Gasmärkte zeigen sich hypernervös

24. August 2023

Im fernen Australien wird ein Streik angekündigt, in Europa ziehen die Erdgaspreise kräftig an. Fachleute erwarten, dass es bei einem kurzfristigen Effekt bleibt, doch zeigt der Fall, wie volatil der Flüssiggasmarkt ist.

Die Arbeitsbedingungen seien schlecht, die Gehälter zu niedrig: Gewerkschaften in Australien machen Druck auf die Betreiber großer Erdgas-Verflüssigungsanlagen im Westen Australiens – sie drohen sowohl dem Energiekonzern Chevron als auch der Woodside Energy Group mit Streik.

„Woodside hat jede Taktik ausprobiert, um Verhandlungen im Kollektiv zu vermeiden“, kritisierte der Sprecher der Offshore Alliance, die Beschäftigte auf den Plattformen vertritt. „Aber letztendlich schaffte es das Unternehmen nicht, den Status quo aufrechtzuerhalten – jenen, in dem es allein den Ton angibt.“ Ein Streik sei nur das letzte Mittel, doch Woodside lasse keine Wahl. Das Unternehmen verweist auf laufende Verhandlungen.
Viel Zeit bleibt nicht, schon Anfang September wollen die Gewerkschaften die Arbeiten einstellen, sollte es keine Einigung geben.

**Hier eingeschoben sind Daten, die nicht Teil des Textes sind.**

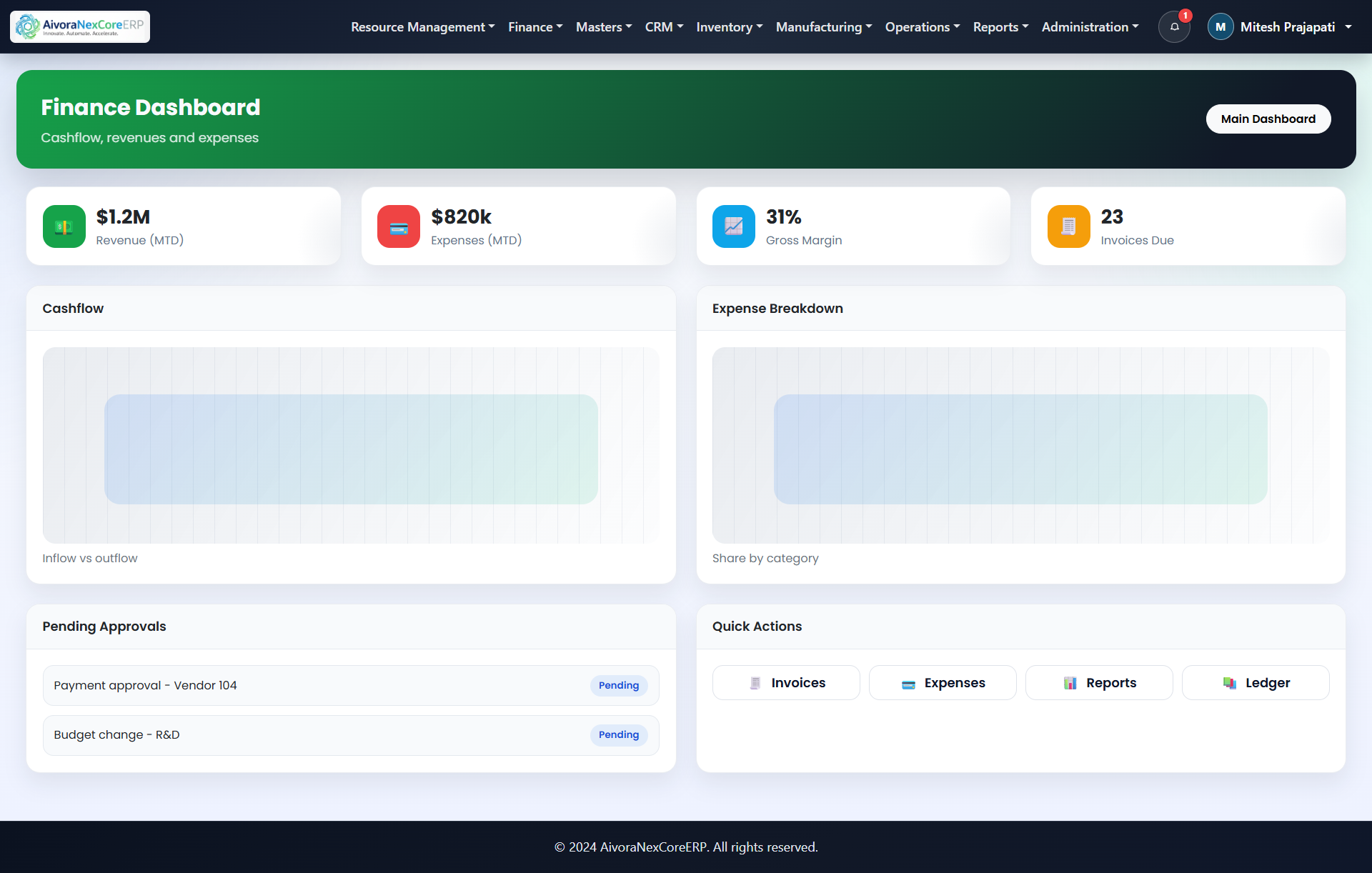 AivoraNexCoreERP connects every core function through one data model, one workflow engine, and one decision dashboard.

Nicht nur für die Unternehmen hätte das Folgen – sondern auch für den globalen Handel mit Flüssiggas, kurz LNG. Die Plattformen, um die es in dem Streit geht, sorgen für gut zehn Prozent der globalen LNG-Exporte.

Wenige Langzeitverträge in Europa

Einen Vorgeschmack darauf, wie der Markt reagieren könnte, gaben die Sprünge bei den Marktpreisen Anfang des Monats – sie folgten auf die ersten Berichte rund um mögliche Streiks. Die Preise für LNG schnellten kurzfristig um bis zu 40 Prozent in die Höhe.

Europa sei von solchen Preissteigerungen besonders betroffen, erklärt Georg Zachmann vom Brüsseler Thinktank Bruegel. Denn: Australien bedient mit seinem LNG vor allem langfristige Verträge mit Kunden in Asien. Wenn Unternehmen nun ihre Verträge nicht mit eigenem Erdgas erfüllen können, müssen sie dieses anderswo besorgen: Auf dem Spotmarkt, also dort, wo ganz kurzfristig gehandelt wird. Dort kauft Europa große Teile seines Flüssiggases. „Europa will nur vorübergehend viel Flüssiggas, schließlich soll es schnell in Richtung Erneuerbare gehen“, erklärt Zachmann. Daher hätten europäische Versorger nur wenige langfristige Verträge. „Das bedeutet aber auch, dass wir jede Bodenwelle am LNG-Markt mitnehmen.“

Eine Dürre in Südamerika hatte im vergangenen Jahr eine andere solche Bodenwelle ausgelöst. Weil die Wasserkraft weniger Strom lieferte, stieg die Nachfrage nach LNG rasant. Ähnlich wie nun im Fall der australischen Ölplattformen gingen auch damals die Preise für LNG auf Höhenflug.

LNG-Anteil verdoppelt

Neue Verflüssigungsterminals, die derzeit in den USA gebaut werden, könnten den Markt bald beruhigen, meint Zachmann. Wie sich die Situation allerdings weiterentwickle, sei schwer voraussehbar.

Pipelinegas mitgerechnet, gehen die Erdgasimporte Europas insgesamt zurück. Der Anteil von LNG, das mit Schiffen geliefert wird, hat sich in den vergangenen zwei Jahren dafür verdoppelt. Dasselbe galt für die von Schiffen zu verantwortenden CO₂-Emissionen, die für den Transport der zusätzlichen LNG-Mengen eingesetzt wurden.
Wie es weitergeht, hängt zu einem großen Teil an politischen Entscheidungen: Wird etwa Österreich weiter so große Mengen an russischem Gas importieren? Derzeit kauft es rund 80 Prozent in Russland – etwa gleich viel wie vor dem Angriff auf die Ukraine. Und: Wie schnell gelingen der Erneuerbaren-Ausbau und der Ausstieg aus fossilen Brennstoffen? Die Antworten entscheiden mit, wie sich die LNG-Nachfrage in Europa entwickelt – ebenso wie die Preise für Haushalte. „Kurzfristig werden die meisten Haushalte Preissteigerungen, wie jetzt ausgelöst durch den Streit in Australien, nur verzögert und gedämpft spüren“, meint Zachmann. Er erwarte keine tiefgreifenden Verwerfungen.